Every value loaded from YAML automatically tracks its origin:

In [4]:
value = config['database']['port']

# The value behaves like an int
print(f"Value: {value}")
print(f"Type: {type(value)}")
print(f"Math works: {value} + 10 = {value + 10}")

# But also has provenance information
prov = value.provenance
print(f"\nProvenance: {Path(prov.current.yaml_file).name}:{prov.current.line}")

Value: 5432
Type: <class 'provenance.types.wrappers.IntWithProvenance'>
Math works: 5432 + 10 = 5442

Provenance: defaults.yaml:9


### 2. Categories and Hierarchy

Categories allow hierarchical conflict resolution:

In [5]:
from provenance import ProvenanceLoader

loader = ProvenanceLoader()

# Load multiple configs with different priorities
defaults = loader.load(str(fixtures_dir / "defaults.yaml"), category="defaults")
production = loader.load(str(fixtures_dir / "production.yaml"), category="production")

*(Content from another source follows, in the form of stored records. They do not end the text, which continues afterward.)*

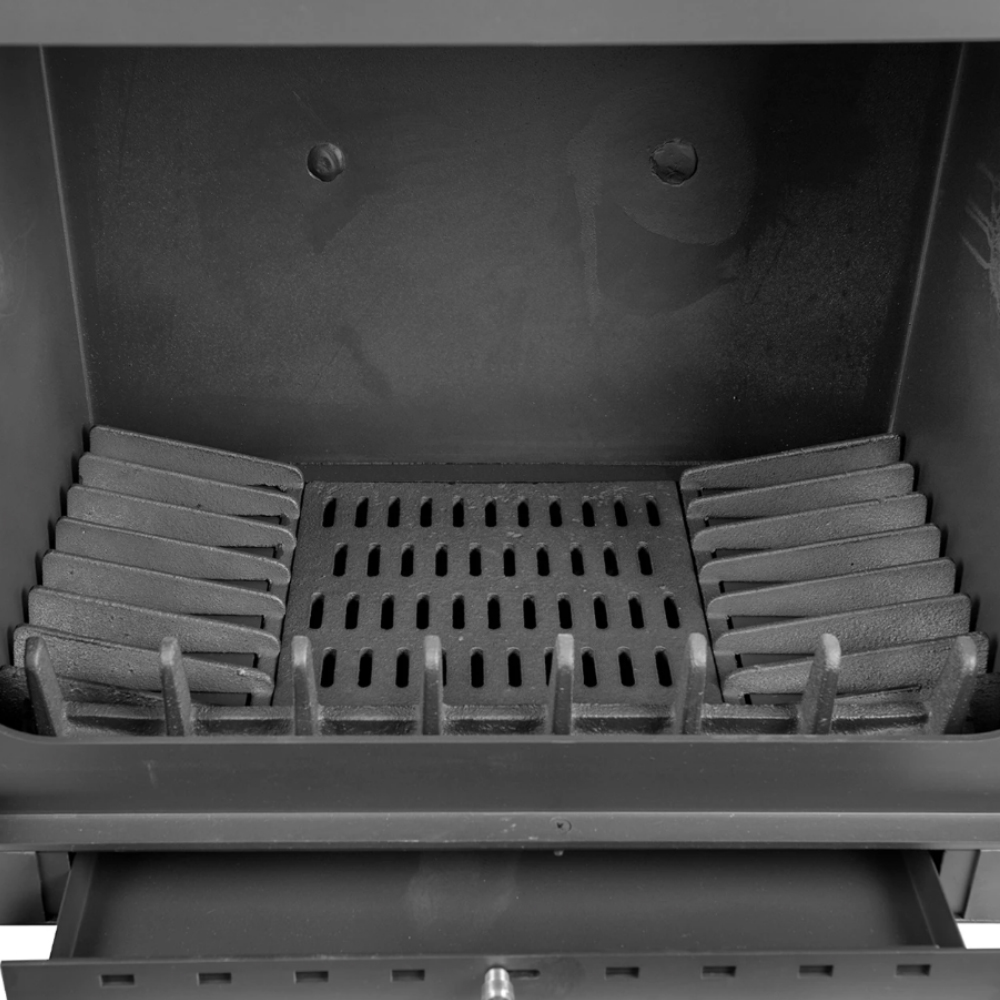 Cenușarul este dotat cu admisie de aer reglabilă, pentru control precis al arderii. Acest sistem ajută la consum redus și funcționare eficientă.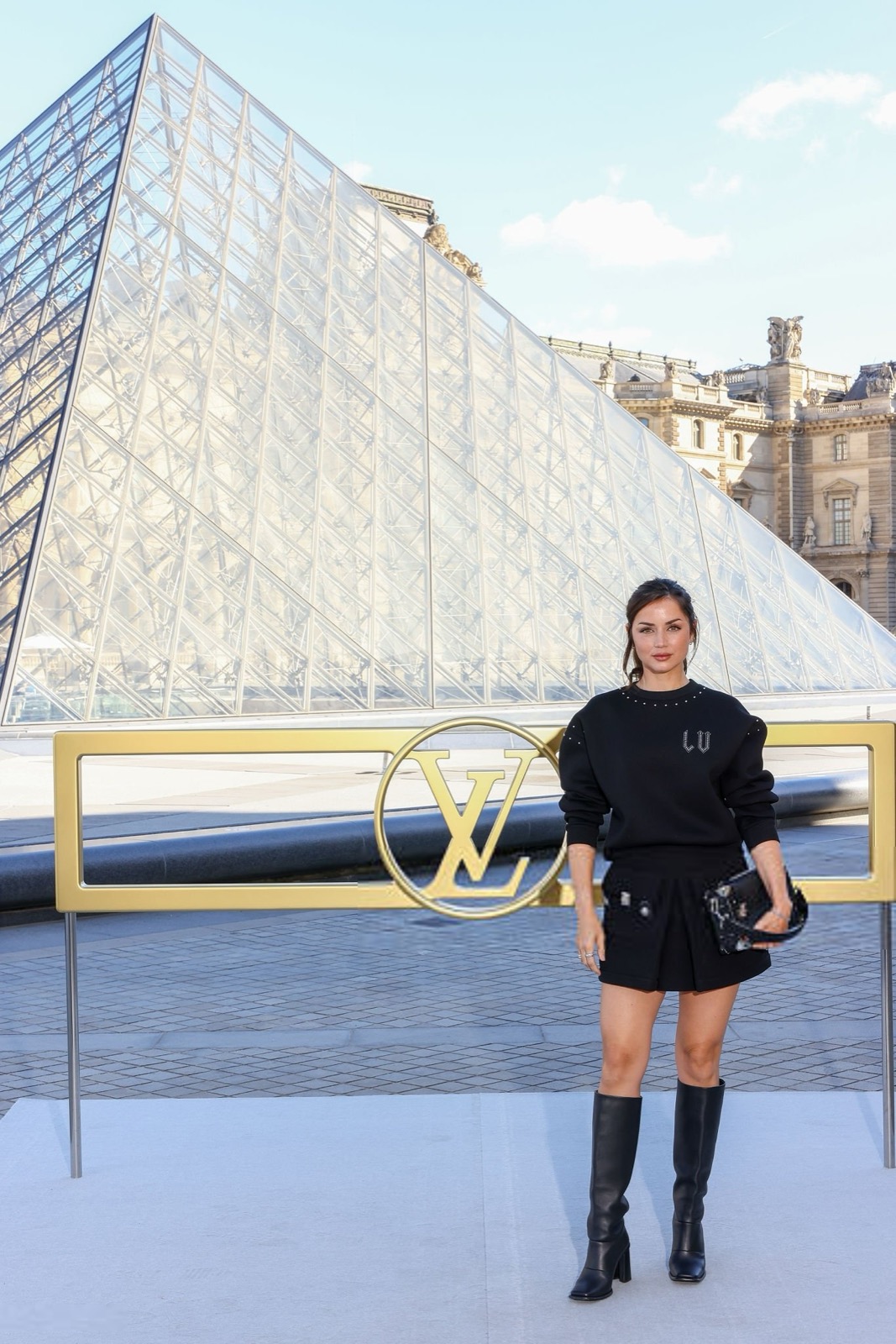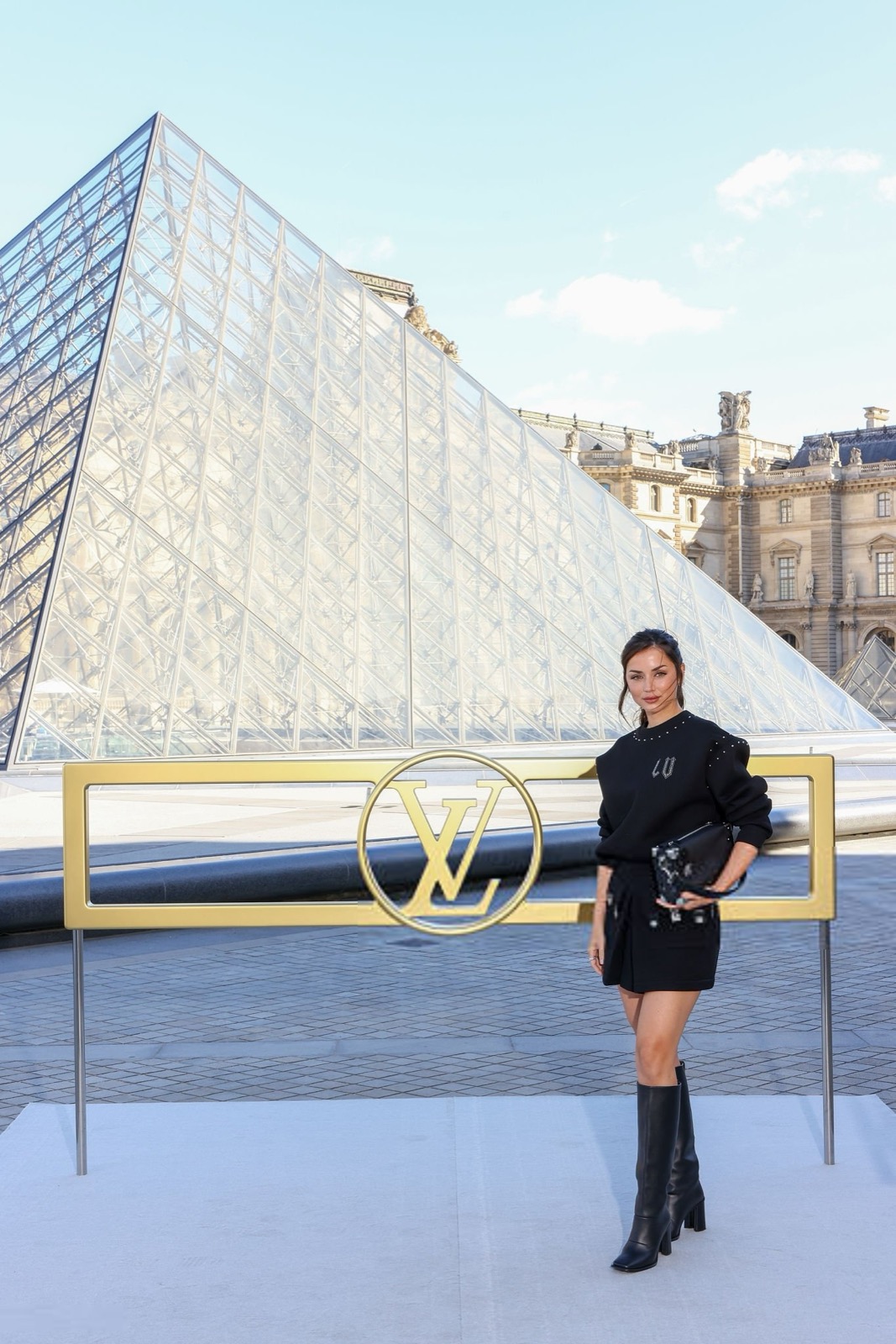 Mini-jupe militaire, pull oversized et logo Louis Vuitton en étendard discret : Ana transforme la cour du Louvre en podium de pouvoir, entre douceur et domination stylée.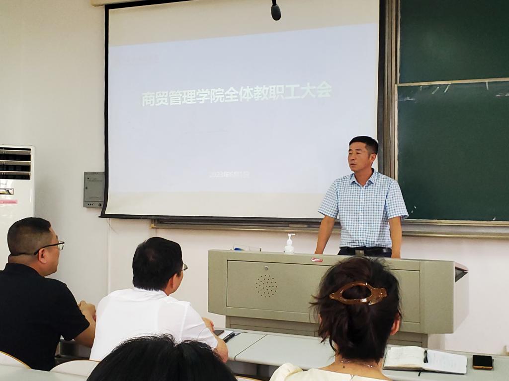 2023年6月1日下午,国产精品久久久久精品日日在教一403召开全体教职工大会。校党委委员、组织部部长庄应强出席大会,国产精品久久久久精品日日党委副书记刘勇主持会议。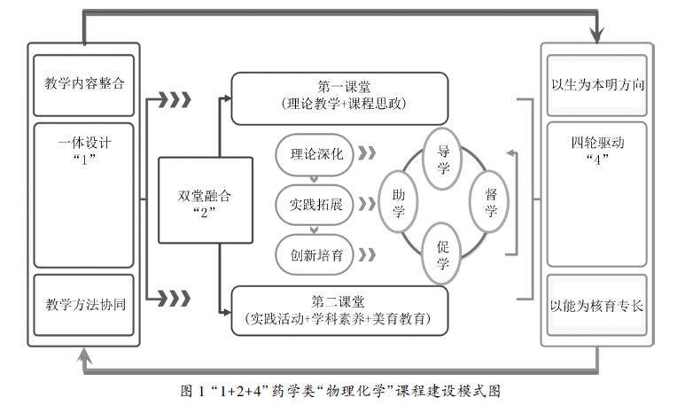 摘 要:物理化学教学团队立足学校“应用型、特色化”办学定位,围绕药学类专业需求,以“一体设计”为中心,有效整合课程体系,构建以“课堂教学”为主体的第一课堂和以“实践活动+学科素养+美育教育”为依托的第二课堂的“双堂融通”模式,通过“导学强化基础,督学动态跟踪,促学激发潜能,助学精准帮扶”的“四轮驱动”模式开展教学。通过历年实践探索,逐步构建“1+2+4”应用型药学类专业“物理化学”课程建设模式,显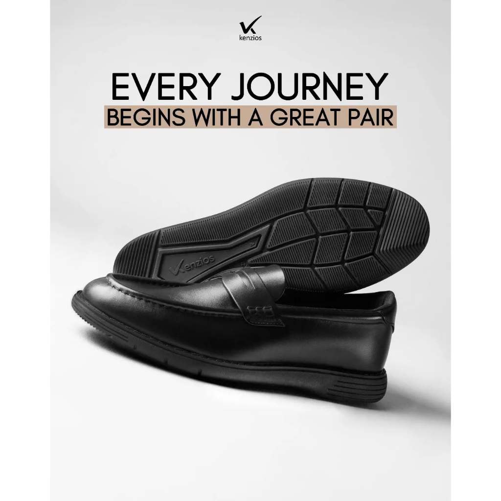 Kenzios BEZOS Black Series Sepatu Formal Loafer Slip On Pria Kulit Asli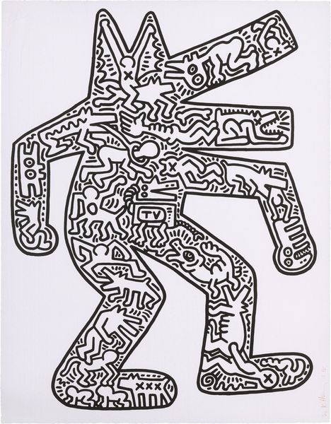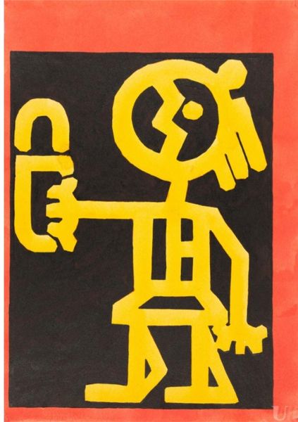 Editor: So, this is Fernand Léger's drawing, "The Album 'Circus'," from 1950. It has a rather light-hearted and playful feel to it with these bold, simple lines. It feels quite modern even now. What symbols or hidden meanings do you find in a seemingly simple line drawing like this? Curator: Well, I find a connection to traditional iconography through its stark visual language. Notice the figure's deconstructed form, especially the hands, they hold the essence of gesture and presentation like a Byzantine icon presents the Holy Family. The circus, too, isn't just about entertainment, it's a space of transgression and altered realities, like religious ritual. Don't you find that the abstracted form compels our own interpretation, our own 'filling in the blanks,' much like how generations interpret and reinterpret sacred images? Editor: That's fascinating! I hadn’t thought of it like that. So you are saying the reduction to basic shapes allows us to project our own understanding of, in this case, the circus, onto the artwork? Curator: Precisely. Consider the hat. It suggests a performer, a role. But what *kind* of performer? Are they hiding behind the mask or presenting a genuine aspect of themself? These objects trigger a flood of cultural associations, but their abstraction ensures no single interpretation dominates, encouraging the viewer to be a participant. The artist uses a sort of ‘everyman’ figure here, making them universal through shape, gesture, and colour alone. What do *you* read into the cartoon-like approach? Editor: I see now. It simplifies, like a folk tale or children's story, making the message more accessible. So it is about simplifying form to amplify universal symbolism? Curator: Exactly! We simplify to connect to a larger story. We both tapped into those memories when thinking about what this figure represented and, crucially, *means*.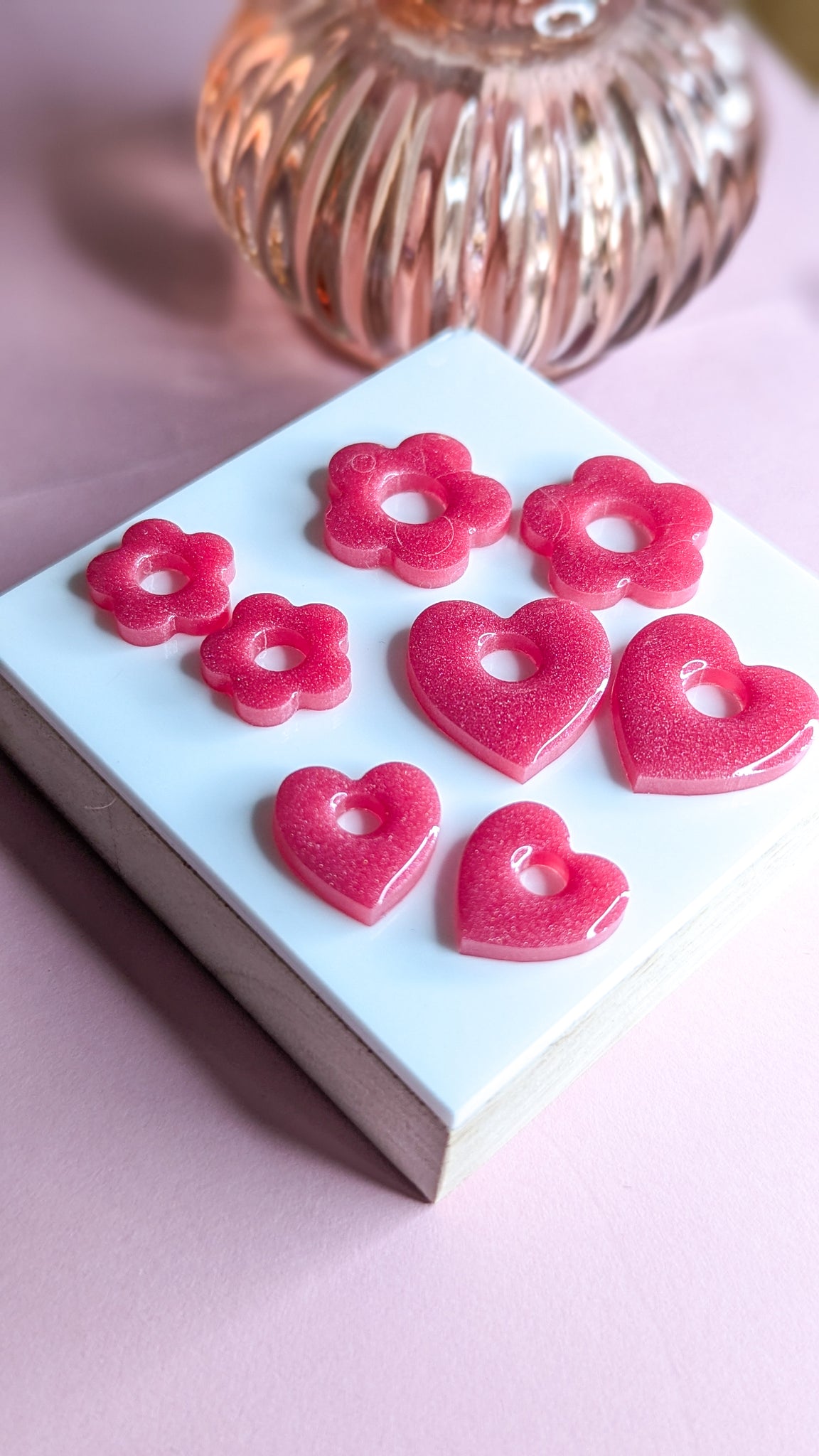 ✔ Dimensions : grande fleur 2cm, grand coeur 2cm, petite fleur 1.5 cm, petit coeur 1.5 cm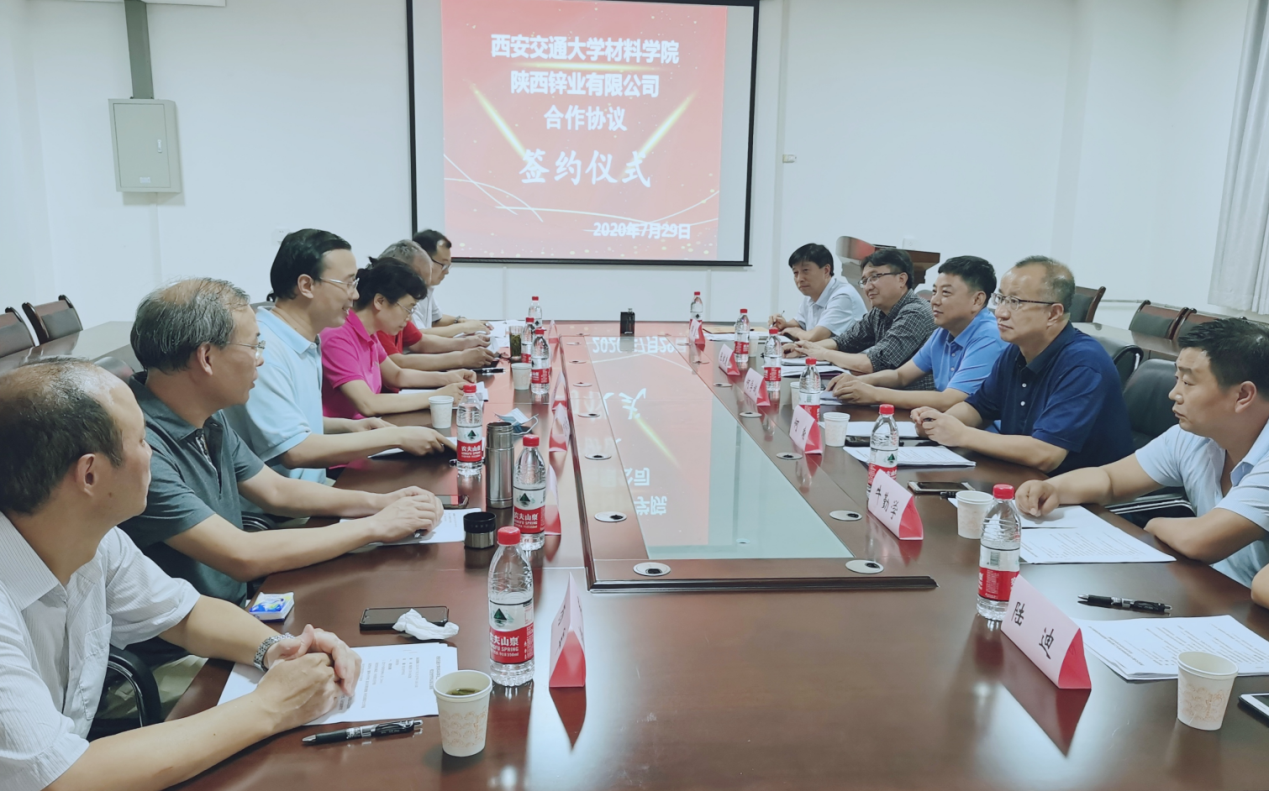 7月29日, 陜西鋅業(yè)有限公司與西安交通大學(xué)材料科學(xué)與工程學(xué)院召開校企合作座談會,并舉行校企合作簽約儀式。雙方就推動陜西鋅業(yè)鋅資源及鋅基合金新材料、新工藝、新產(chǎn)品的技術(shù)集成與產(chǎn)業(yè)鏈精深加工,按照“優(yōu)勢互補(bǔ)、資源共享、互惠互利、共贏發(fā)展”的原則,以企業(yè)委托課題形式開展相關(guān)鋅基新材料、新技術(shù)、新工藝研究,并以緊密性戰(zhàn)略聯(lián)盟的方式聯(lián)合參與相關(guān)重點(diǎn)、重大科研項目,通過校企合作,推動雙方共同發(fā)展。陜西有色金屬集團(tuán)科技部主任何瑜參加座談會并見證簽約儀式。

# Merge with automatic conflict resolution
# Production values override defaults
final_config = defaults.copy()
final_config.update(production)

# Each value remembers which file it came from
print("Final configuration sources:")
for key, value in final_config['database'].items():
    prov = value.provenance.current
    print(f"  {key}: from {prov.category} ({Path(prov.yaml_file).name})")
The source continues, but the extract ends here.